• [WHAT TO WORK ON]: Would you retype exactly the lines below, from the one containing "SMEDEREVO, 4 mayo, 2019" through the end of the entries, both ends included, but not the pictures?

EXTRACTED INFORMATION section start

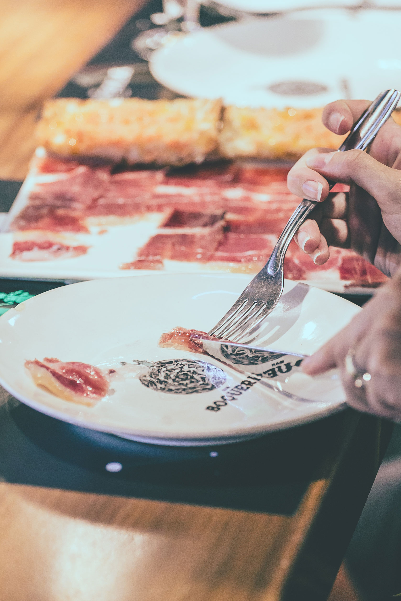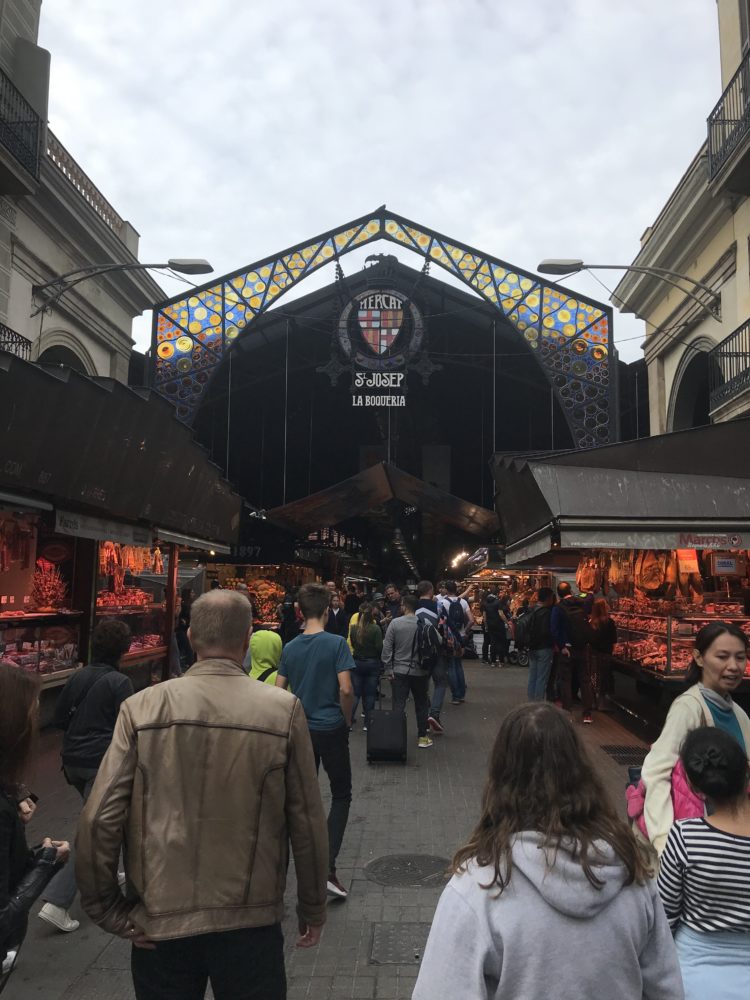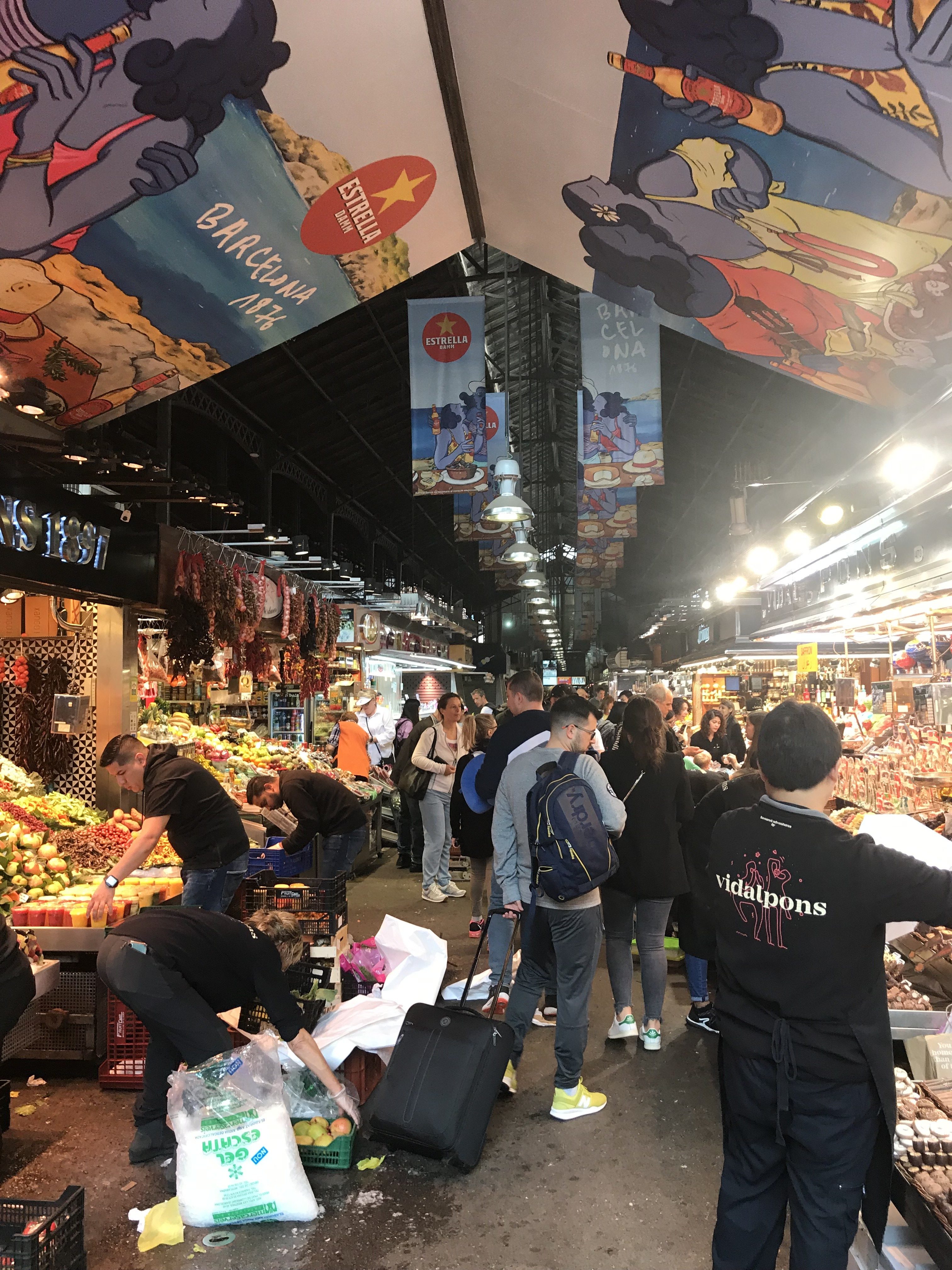Temidden van alle marktkraampjes ga je even aan de bar zitten om verse tapas te bestellen. Heerlijke verse grote olijven, vol van smaak, inktvis, garnalen en boterzachte Iberico ham.
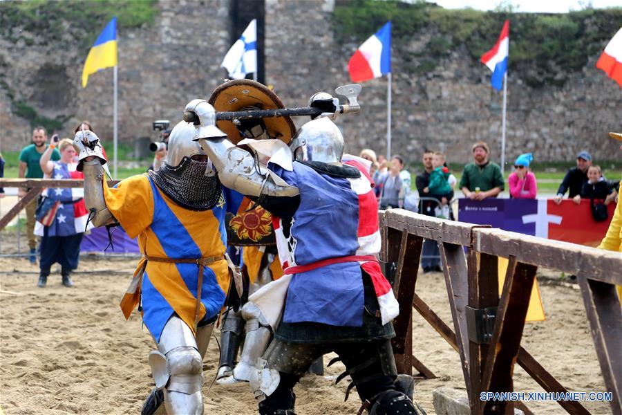 SMEDEREVO, 4 mayo, 2019 (Xinhua) -- Imagen del 2 de mayo de 2019, de personas vestidas con trajes medievales enfrentándose en el día de apertura del 10 Campeonato de Batalla Medieval Histórica Nacional Mundial, en Smederevo, Serbia. De acuerdo con información de la prensa local, peleadores de 40 países se reunieron en la ciudad serbia de Smederevo para un inusual torneo internacional que recrea técnicas de batllas históricas, el Campeonato de Batalla Medieval Histórica Nacional Mundial. El equipo chino está conformado por 27 miembros y es la tercera ocasión que China participa en el evento. (Xinhua/Nemanja Cabric)
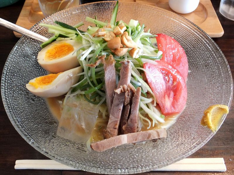というわけで、お品書きも見ずに注文。で、その後でお品書きの写真が目に入ったのですが、ビジュアル的には白ネギの載った冷し中華のようで、それは実物が登場しても変わらずというか。とりあえず全体をよく混ぜていただくのですが、麺はラーメンとは違う細麺で、そこに甘味と酸味が効いた胡麻ダレが絡むという感じで。また白ネギは、良くさらしてあるのか辛味はほとんどありませんでした。
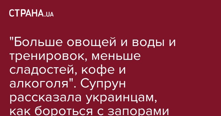 "... Помните нашу мантру: больше овощей и воды и тренировок, меньше сладостей, кофе и алкоголя. Хотя в случае кофе бывает обратное - кофе может стимулировать перистальтику сигмовидной кишки, поэтому многим людям это наоборот "помогает". Овощи и вода не дадут "послипаться" калом, а тренировки взбудоражат ленивые внутренности. Кофе в большом количестве и алкоголь в любом, приводят к обезвоживанию, поэтому сдвигают весы в сторону сиденья со смартфоном и красным лицом", - написала Супрун.
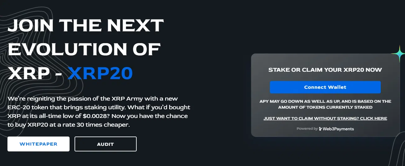 XRP20 จะติดตามเทรนด์ล่าสุดในตลาดสกุลเงินคริปโต ซึ่งจะเป็นการมอบโอกาสให้กับผู้ใช้งานได้ลงทุนในตลาดคริปโตที่ประสบความสำเร็จอีกครั้ง ข้อดีของ XRP20 คือ คุณสามารถซื้อโทเค็นด้วยเงินเพียงเล็กน้อย และ Stake มันเพื่อสร้าง Passive Income ได้

EXTRACTED INFORMATION section end

• [YOUR SOLUTION]:
 SMEDEREVO, 4 mayo, 2019 (Xinhua) -- Imagen del 2 de mayo de 2019, de personas vestidas con trajes medievales enfrentándose en el día de apertura del 10 Campeonato de Batalla Medieval Histórica Nacional Mundial, en Smederevo, Serbia. De acuerdo con información de la prensa local, peleadores de 40 países se reunieron en la ciudad serbia de Smederevo para un inusual torneo internacional que recrea técnicas de batllas históricas, el Campeonato de Batalla Medieval Histórica Nacional Mundial. El equipo chino está conformado por 27 miembros y es la tercera ocasión que China participa en el evento. (Xinhua/Nemanja Cabric)
というわけで、お品書きも見ずに注文。で、その後でお品書きの写真が目に入ったのですが、ビジュアル的には白ネギの載った冷し中華のようで、それは実物が登場しても変わらずというか。とりあえず全体をよく混ぜていただくのですが、麺はラーメンとは違う細麺で、そこに甘味と酸味が効いた胡麻ダレが絡むという感じで。また白ネギは、良くさらしてあるのか辛味はほとんどありませんでした。
 "... Помните нашу мантру: больше овощей и воды и тренировок, меньше сладостей, кофе и алкоголя. Хотя в случае кофе бывает обратное - кофе может стимулировать перистальтику сигмовидной кишки, поэтому многим людям это наоборот "помогает". Овощи и вода не дадут "послипаться" калом, а тренировки взбудоражат ленивые внутренности. Кофе в большом количестве и алкоголь в любом, приводят к обезвоживанию, поэтому сдвигают весы в сторону сиденья со смартфоном и красным лицом", - написала Супрун.
 XRP20 จะติดตามเทรนด์ล่าสุดในตลาดสกุลเงินคริปโต ซึ่งจะเป็นการมอบโอกาสให้กับผู้ใช้งานได้ลงทุนในตลาดคริปโตที่ประสบความสำเร็จอีกครั้ง ข้อดีของ XRP20 คือ คุณสามารถซื้อโทเค็นด้วยเงินเพียงเล็กน้อย และ Stake มันเพื่อสร้าง Passive Income ได้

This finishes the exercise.